HashMaps are such a normal part of web development that it’s easy to forget that they aren’t used much in other domains. Video game development, for instance, doesn’t tend to use them that much (though of course that depends on the game). They’re absolutely essential data structures to know, however, so you should just get up close and personal with them. Know what a hash function is, the difference between a Map and a Set, and (because some interviewers are pedantic) the difference between HashMap and Hashtable (HashMap is unsynchronized – faster! – and permits null values – a frequent source of bugs). Be able to explain the underlying details of how key/value pairs get stored (i.e., the key gets hashed to an int, which is mod’d to the size of the array and used as an index, then the key/value pair is stored in a linked list pointed to from the indexed cell in the array), and why you have to store the key along with the value (i.e., multiple values may be stored in a particular bucket, so you need to be able to differentiate between them).

Caveat: there are multiple ways of resolving collisions in HashMapsjava.util.HashMap uses “chaining”, described above. “Open addressing” is an alternate method for resolving index collisions. You should know both.

Bonus points: it’s also useful to know the LinkedHashMap class (and how it works), since that can sometimes short-circuit an otherwise difficult problem.

Advanced topics

Garbage collection, concurrency, and Java 8 lambda expressions are key topics that you should understand at at least a basic level, but which deserve more space than I can devote to them in this post. I’ll try to do some basic primers (nothing fancy) soon…

If you liked this…

I’ve written a lot on interviewing, and you might want to check out some of the following articles:

If you’re a Java programmer, then you should absolutely read Effective Java by Josh Bloch. Every language has its quirks, best practices, and idioms, and this book is hands down the best way I’ve found to move beyond the awkward novice period in which you know just enough to be dangerous.

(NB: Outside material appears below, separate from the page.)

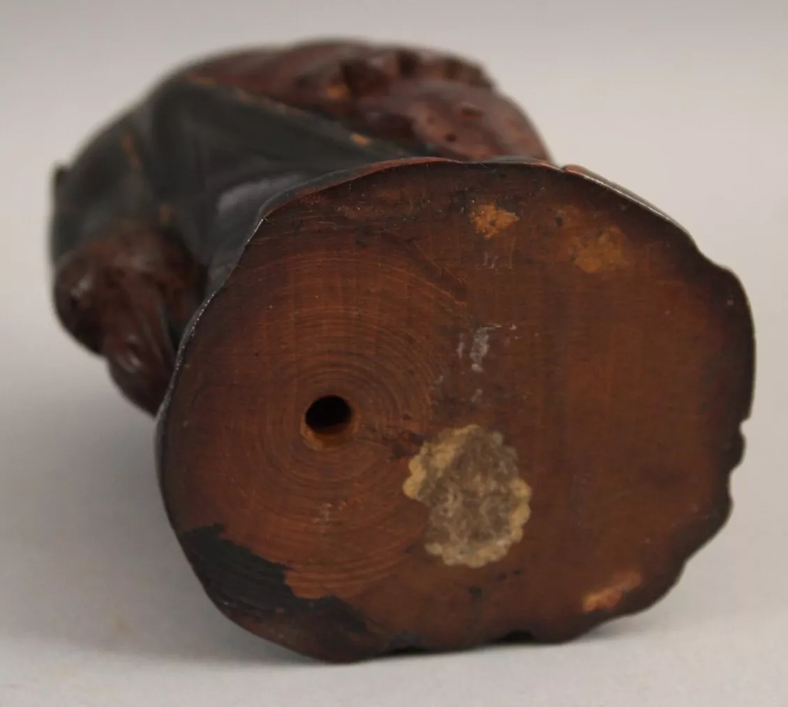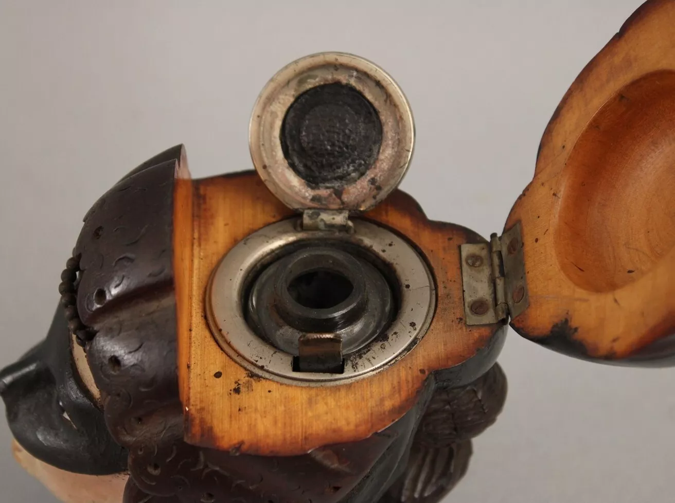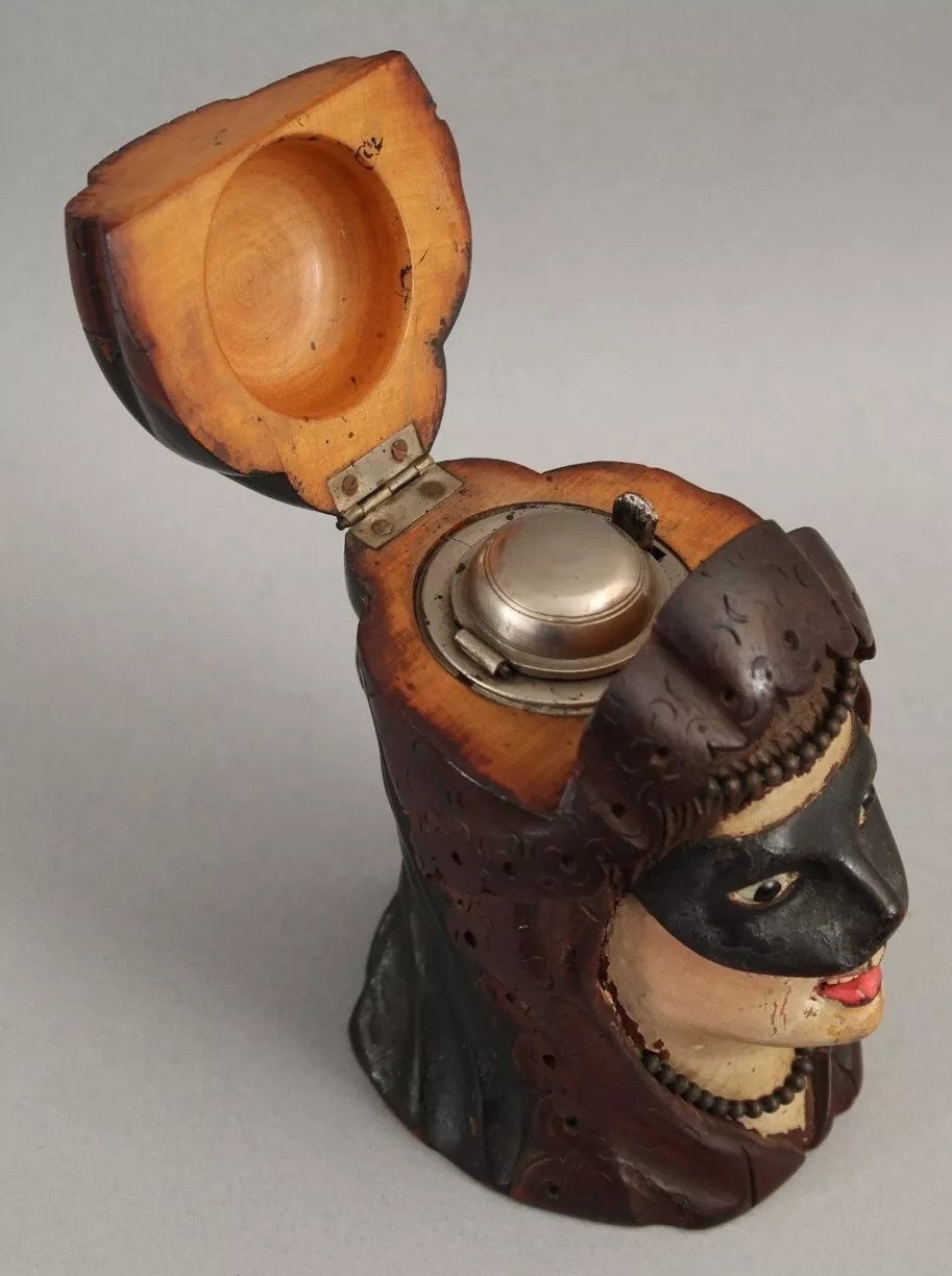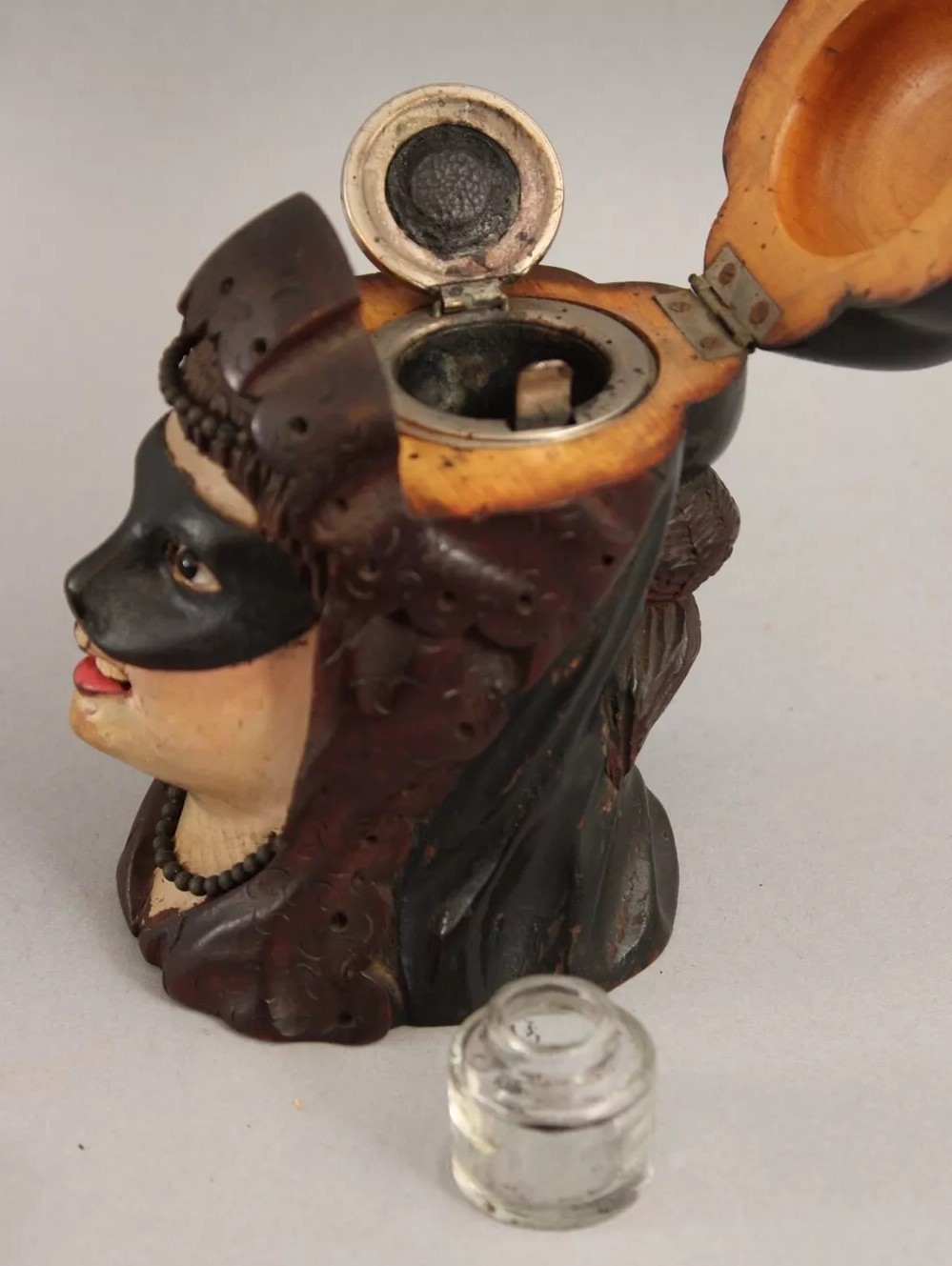 This 19th century hand-carved inkwell depicts the head of a woman wearing a hood and a masquerade mask. It is hand-carved from hardwood and retains its original hand-painted surface, small carved and applied teeth, glass eyes, applied beaded necklace, and headpiece. Lifting the woman’s hood, one finds the original nickel-plated inkwell and removable glass bottle. The inkwell has a locking, spring-loaded hinged lid.
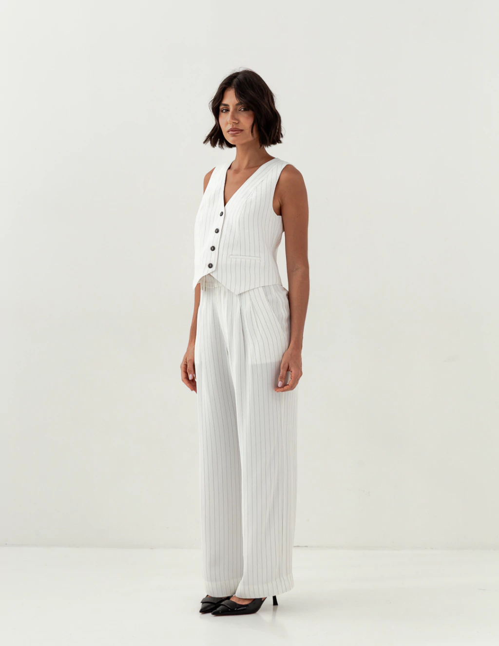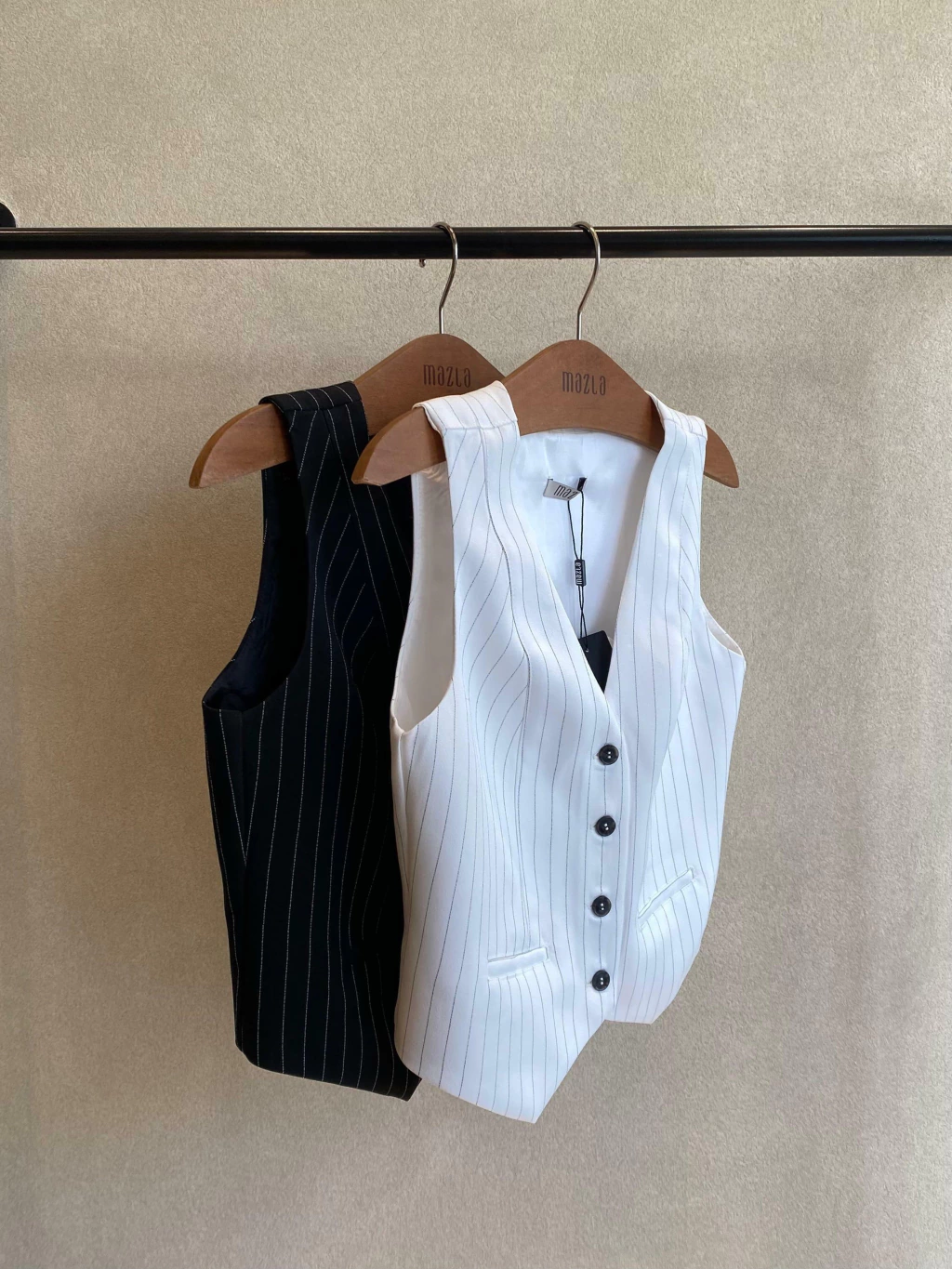 Colete Emmi risca de giz em acetato, nas cores off com listras pretas / preto com listra off, modelo clássico, botões frontais para fechamento, bolso clássico de alfaiataria frontal.

Let me know if you’ve run into any other obscure details – somehow, it’s the fiddly bits that are the most interesting, and cause the most trouble.

Updated: changed “stop the world event” to “block your main thread”. Thanks ldan for the comment!

Enter your email address to follow this blog and receive notifications of new posts by email.

16 thoughts on “Java quirks and interview gotchas

  1. I’ve hardly written any Java, but how is the first one an O(n^2) operation? Surely the runtime is just doing something like this each iteration:

    * allocate string for i, write i’s characters to this buffer
    * allocate string for “result + new string of i”

    Which means it O(n) ? Inefficient, sure, but still O(n)?

  2. BTW, I tried to connect to comments via Facebook, and Chrome says

    “Your connection is not private

    Attackers might be trying to steal your information from dandreamsofcoding.com (for example, passwords, messages, or credit cards).”

  3. Love the insight on this post! Do you know how we would learn this on our own? Any particular pages? I guess books?

    • Seriously, the best place to start with Java is Effective Java. This was named after a great set of books for C++ called Effective C++ (1 and 2). The point is that you may know that language constructs exist, but not know when, how, or why to use them (or not). We typically give a copy of Effective Java to all of our interns and new engineers, then run them through a weekly reading group. Next, you read blogs – there are a lot of people out there who are going deep, looking for these types of things. You read release notes. Lastly, you code, a lot :)

  4. I like to ask the “Is Java pass-by-value or pass-by-reference” question as my last question and 50% of the time I get the answer – “It’s pass by value for primitives and pass-by-reference for objects”. So then I ask them to write me a swap method for two objects – and at that point they realize something is up! :-)

    • Java is pass by value but you DO pass the reference for non primitives.. In that sense, java is pass by copy but only the reference to the object. You can also swap 2 objects with a wrapper pattern. Your question may be misleading.

      • You are right it can be a bit confusing that’s why it’s my last question and a bonus question for those that are doing well. It’s not a decider but could push me from being a positive to a “raving positive” :-) I have hired folks who got it wrong but not many.

    • Frankly, it is an awful bit of trivia. Yes, we all know what they _mean_ when they say that Java is “exclusively pass-by-value”, but it is a dishonest way to express what is really happening. By Java’s logic, pass-by-reference simply does not exist. Passing an int& in C++ merely passes the address of the int… by value.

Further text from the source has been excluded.